Enthalpy of formation of indium telluride InTe

Chemistry Department, Moscow State University,
Moscow B-234, 119899, Russia

(Received 10 December 1993)

Direct syntheses of indium tellurides InTe and In_0.976Te were carried out in a calorimetric bomb. The energies of formation of these compounds were found not to be significantly different. The standard molar enthalpy of formation of InTe was found to be -(71.2+0.4) kJ/mol.

1. Introduction

Indium tellurides belong to the group of materials which are useful for electronics so that research into the thermodynamic behaviour of these substances is a rather practical problem. The thermodynamic quantities and particularly the enthalpies of formation of some tellurides (as InTe, for example) had been established only with large uncertainty or even unknown at all (as in the case of In₉Te₇, for example). The purpose of this investigation was to get a more precise value of the enthalpy of formation of InTe.
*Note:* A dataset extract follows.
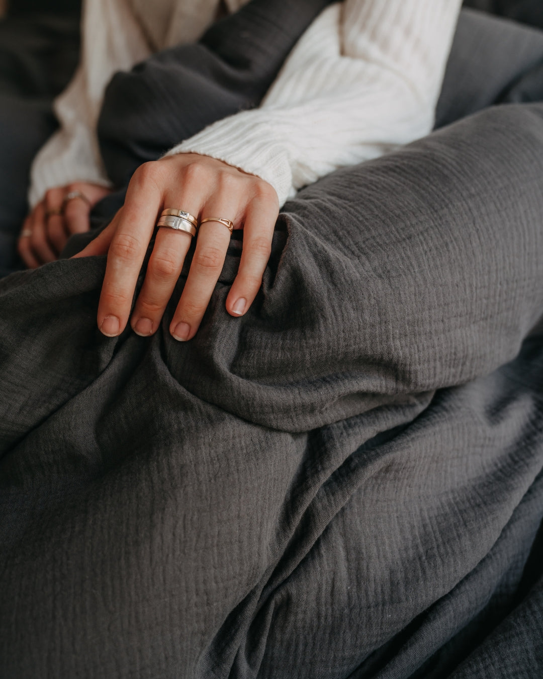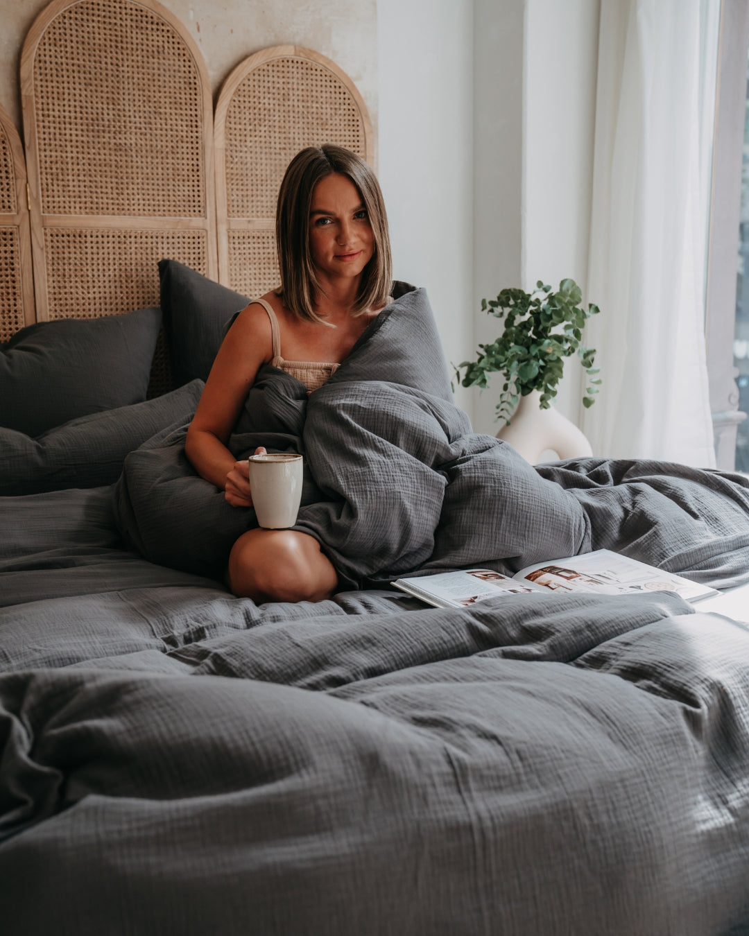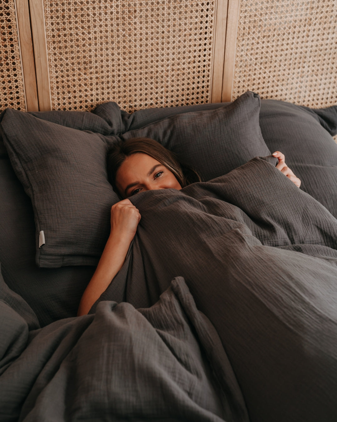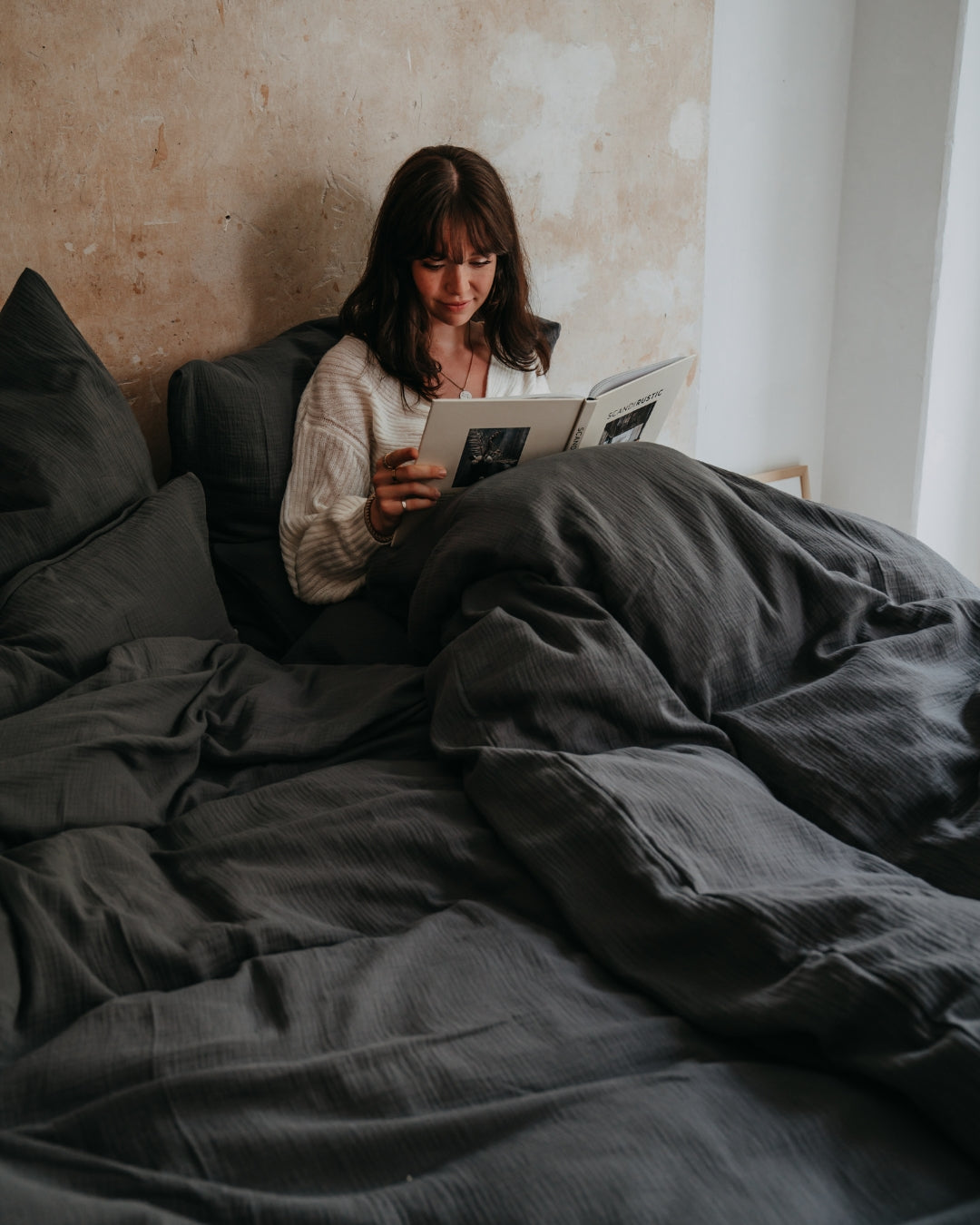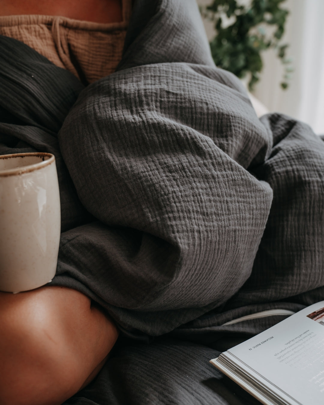 Have you always wanted to sleep like on clouds? In our cozy and stylish muslin bed linen you will dream of a heavenly sleep night after night. Sleeping in and relaxing has never been so tempting. It doesn't matter whether you snuggle up under the covers in the evening or enjoy Sunday brunch in bed - you feel safe and at home in our muslin bed linen! Suitable for every season, because thanks to the temperature-regulating properties of muslin, our bed linen cools you down in summer and keeps you cozy and warm in winter.Versand

The available information on the enthalpy of formation of indium telluride, InTe, is rather discrepant. Hahn et al. /1/ obtained D_fH⁰_m(InTe,cr,298.15K)=-(96+13) kJ/mol by burning InTe and a mixture of equal amounts of In and Te in a microcalorimetric bomb in oxygen. Gerasimov et al. /2/ determined the enthalpy of formation of InTe from In(l) and Te(cr) at T=673 K by an electromotive-force method and obtained the value -(23+8) kJ/mol. Robinson et al. /3/ and Jena et al. /4/ used liquid-metal solution calorimetry for the determination of the enthalpy of formation of indium telluride at T=273 K. The results published /3,4/ are -(71.6+1.0) kJ/mol and -71.8 kJ/mol, respectively. The critical analysis of references 1 to 4 indicates that the most reliable from the above-mentioned values is -(71.6+1.0) kJ/mol, but the uncertainty of this value seems to be rather doubtful: it was estimated as simply a maximum deviation from the mean of four results. The proper statistical treatment of results /3/ is impossible because of the absence of experimental facts /3/; nevertheless, in accordance with the statistical analysis, taking the criterion of Student into account, the real uncertainty should be much greater. The fundamental handbook /5/ offers the value for the standard molar enthalpy of formation of InTe(cr,298.15 K) based on the result reported by Robinson et al. /3/, namely -(72.0+2.1) kJ/mol, the uncertainty being reasonably doubled in comparison with the value given by the authors /3/.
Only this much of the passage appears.